See examples/c-curve-wx.pl in the PlanePath sources for a wxWidgets program drawing
various forms and tilings of the curve.
FUNCTIONS
See "FUNCTIONS" in Math::PlanePath for the behaviour common to all path classes.
"$path = Math::PlanePath::CCurve->new ()"
Create and return a new path object.
"($x,$y) = $path->n_to_xy ($n)"
Return the X,Y coordinates of point number $n on the path. Points begin at 0 and if
"$n < 0" then the return is an empty list.
Fractional positions give an X,Y position along a straight line between the integer
positions.
"$n = $path->xy_to_n ($x,$y)"
Return the point number for coordinates "$x,$y". If there's nothing at "$x,$y" then
return "undef". If "$x,$y" is visited more than once then return the smallest $n
which visits it.
"@n_list = $path->xy_to_n_list ($x,$y)"
Return a list of N point numbers at coordinates "$x,$y". If there's nothing at
"$x,$y" then return an empty list.
A given "$x,$y" is visited at most 4 times so the returned list is at most 4 values.
"$n = $path->n_start()"
Return 0, the first N in the path.
Level Methods
"($n_lo, $n_hi) = $path->level_to_n_range($level)"
Return "(0, 2**$level)".
FORMULAS
Some formulas and results can also be found in the author's mathematical write-up
<http://user42.tuxfamily.org/c-curve/index.html>
Direction
The direction or net turn of the curve is the count of 1 bits in N,
direction = count_1_bits(N) * 90degrees
For example N=11 is binary 1011 has three 1 bits, so direction 3*90=270 degrees, ie. to
the south.
This bit count is because at each power-of-2 position the curve is a copy of the lower
bits but turned +90 degrees, so +90 for each 1-bit.

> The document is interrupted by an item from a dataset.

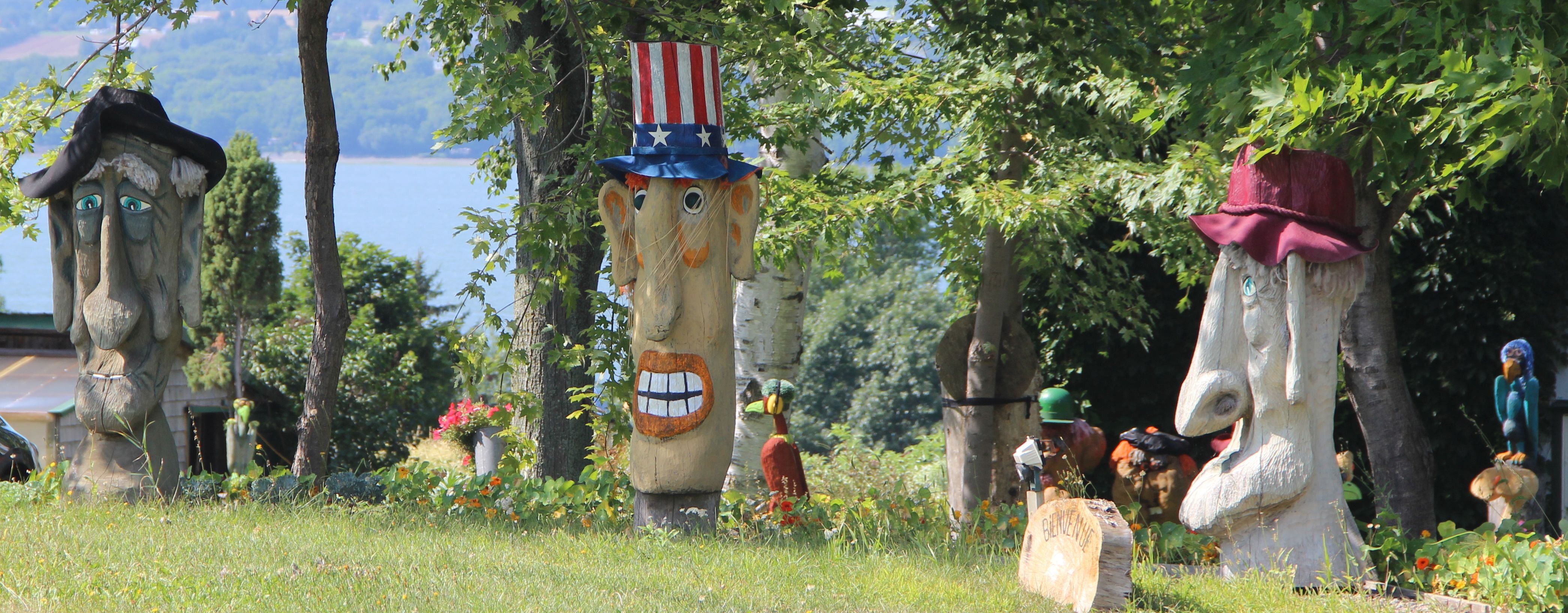 Il y avait bien quelques sculptures sur bois ici ou là mais voilà qu’au bord de la route, il est possible d’en voir de plus en plus.

For powers-of-2 N=2,4,8,16, etc, there's only a single 1-bit so the direction is always
+90 degrees there, ie. always upwards.
Turn
At each point N the curve can turn in any direction: left, right, straight, or 180 degrees
back. The turn is given by the number of low 0-bits of N,
turn right = (count_low_0_bits(N) - 1) * 90degrees
For example N=8 is binary 0b100 which is 2 low 0-bits for turn=(2-1)*90=90 degrees to the
right.
When N is odd there's no low zero bits and the turn is always (0-1)*90=-90 to the right,
so every second turn is 90 degrees to the left.
Next Turn
The turn at the point following N, ie. at N+1, can be calculated by counting the low
1-bits of N,
next turn right = (count_low_1_bits(N) - 1) * 90degrees
For example N=11 is binary 0b1011 which is 2 low one bits for nextturn=(2-1)*90=90 degrees
to the right at the following point, ie. at N=12.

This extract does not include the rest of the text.